▶ [STORED DATA]:
========

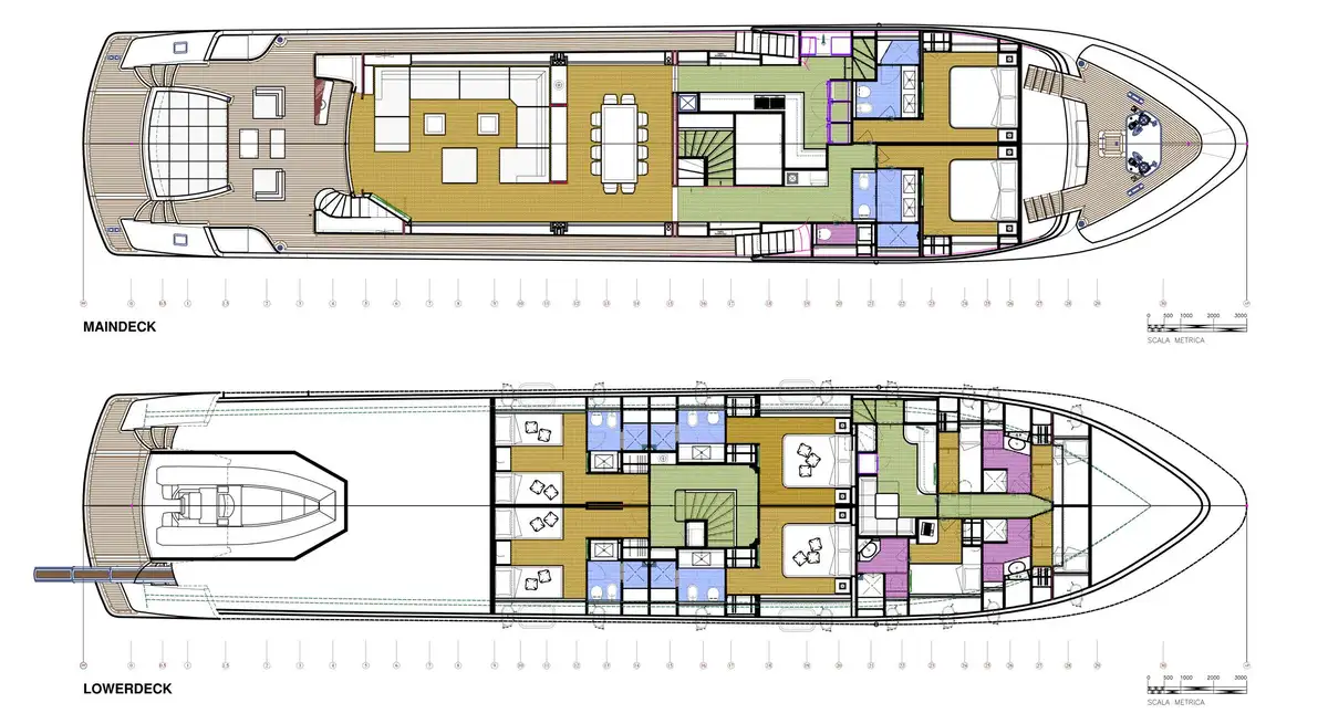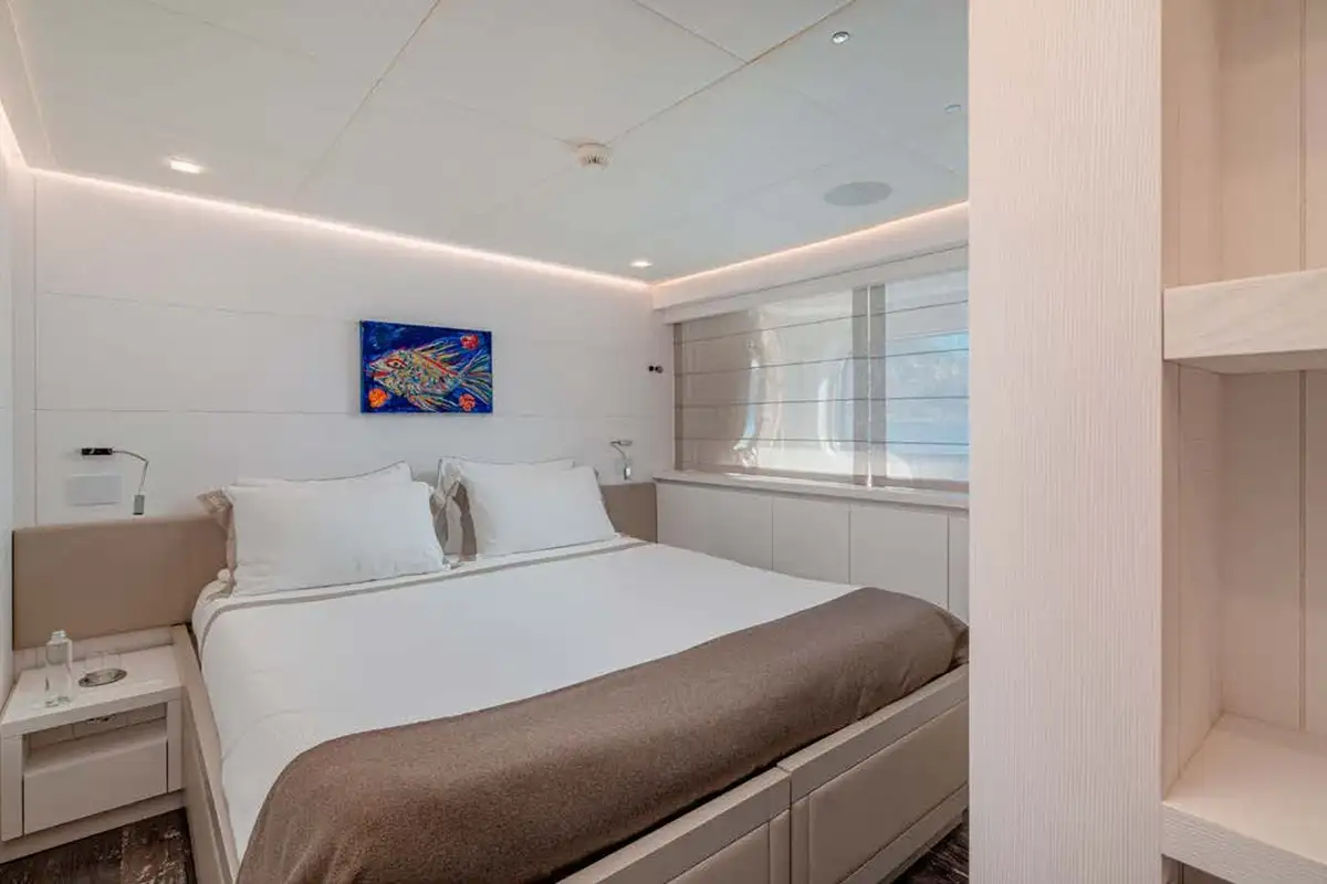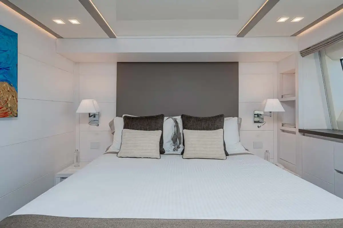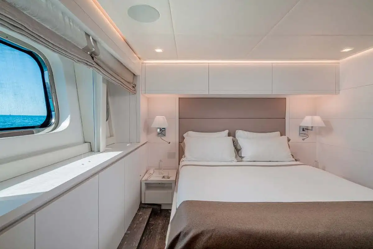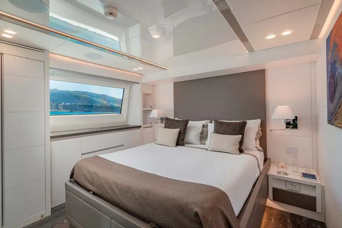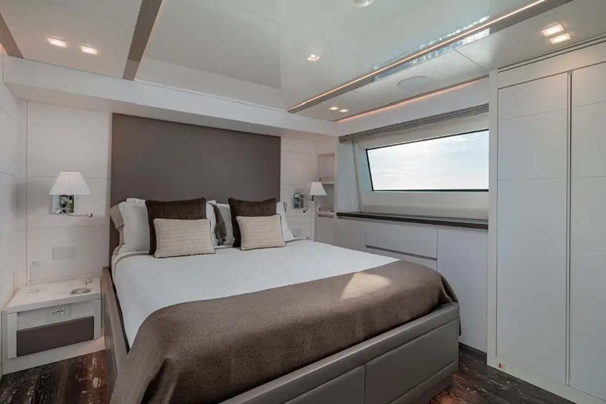 Most yachts have one VIP cabin but SANDS has two identical, luxurious VIP suites, one to port and the other to starboard. This makes her ideal for a charter holiday shared between two families – each couple gets their own master suite and there are four other large, stylish guest cabins on the lower deck, two doubles and two twins, all with private bathrooms and large windows that give good views out, while letting in plenty of natural light.
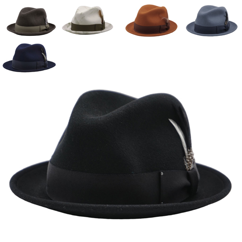 軟らかいウールフェルトを使用したもっともベーシックな定番型のフエルト中折れ帽。
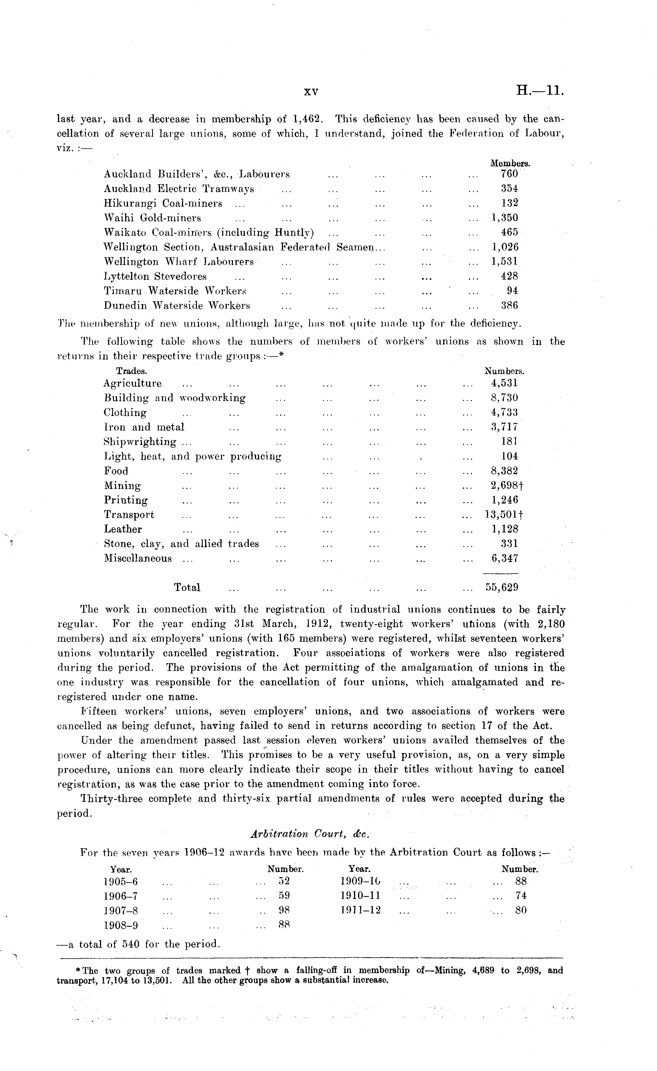 last 3-ear, and a decrease in membership of 1,462. This deficiency has been caused by the cancellation of several large unions, some of which, I understand, joined the Federation of Labour, viz. :— Members. Auckland Builders', &c, Labourers ... ... ... ... 760 Auckland Electric Tramways ... ... ... ... ... 354 Hikurangi Coal-miners ... ... ... ... ... ... 132 Waihi Gold-miners ... ... ... ... ... ... 1,350 Waikato Coal-miners (including Huntly) ... ... ... ... 465 Wellington Section, Australasian Federated Seamen... ... ... 1,026 Wellington Wharf Labourers ... ... ... ... ... 1,531 Lyttelton Stevedores ... ... ... ... ... ... 428 Timaru Waterside Workers ... ... ... ... ... 94 Dunedin Waterside Workers ... ... ... ... ... 386 The membership of new unions, although large, has not quite made up for the deficiency. The following table shows the numbers of members of workers' unions as shown in the returns in their respective trade groups : —* Trades. Numbers. Agriculture ... ... ... ... ... ... ... 4,531 Building and woodworking ... ... ... ... ... 8,730 Clothing ... ... ... ... ... ... ... 4,733 Iron and metal ... ... ... ... ... ... 3,717 Shipwrighting ... ... ... ... ... ... ... 181 Light, heat, and power producing ... ... . ... 104 Food ... ... ... ... ... ... ... 8,382 Mining ... ... ... ... ... ... ... 2,698+ Printing ... ... ... ... ... ... ... 1,246 Transport ... ... ... ... ... ... ... 13,501 + Leather ... ... ... ... ... ... ... 1,128 Stone, clay, and allied trades ... ... ... ... ... 331 Miscellaneous ... ... ... ... ... ... ... 6,347 Total ... ... ... ... ... ... 55,629 The work in connection with the registration of industrial unions continues to be fairly regular. For the year ending 31st March, 1912, twenty-eight workers' unions (with 2,180 members) and six employers' unions (with 165 members) were registered, whilst seventeen workers' unions voluntarily cancelled registration. Four associations of workers were also registered during the period. The provisions of the Act permitting of the amalgamation of unions in the one industry was responsible for the cancellation of four unions, which amalgamated and reregistered under one name. Fifteen workers' unions, seven employers' unions, and two associations of workers were cancelled as being defunct, having failed to send in returns according to section 17 of the Act. Under the amendment passed last session eleven workers' unions availed themselves of the power of altering their titles. This promises to be a very useful provision, as, on a very simple procedure, unions can more clearly indicate their scope in their titles without having to cancel registration, as was the case prior to the amendment coming into force. Thirty-three complete and thirty-six partial amendments of rules were accepted during the period. Arbitration Court, dec. For the seven years 1906-12 awards have been made by the Arbitration Court as follows :— Year. Number. Year. Number. 1905-6 ... ... ... 52 1909-10 ... ... ... 88 1906-7 ... ... ... 59 1910-11 .".'.' ... ... 74 1907-8 ... ... .. 98 1911-12 ... ... ... 80 1908-9 ... ... ... 88 —a total of 540 for the period.

========

▶ [BRIEF]: Quote, exactly and only, the lines from the first line of the data above through the line containing "軟らかいウールフェルトを使用したもっともベーシックな定番型のフエルト中折れ帽。". The pictures do not belong in it.

▶ [WRITTEN RESPONSE]:
 Most yachts have one VIP cabin but SANDS has two identical, luxurious VIP suites, one to port and the other to starboard. This makes her ideal for a charter holiday shared between two families – each couple gets their own master suite and there are four other large, stylish guest cabins on the lower deck, two doubles and two twins, all with private bathrooms and large windows that give good views out, while letting in plenty of natural light.
 軟らかいウールフェルトを使用したもっともベーシックな定番型のフエルト中折れ帽。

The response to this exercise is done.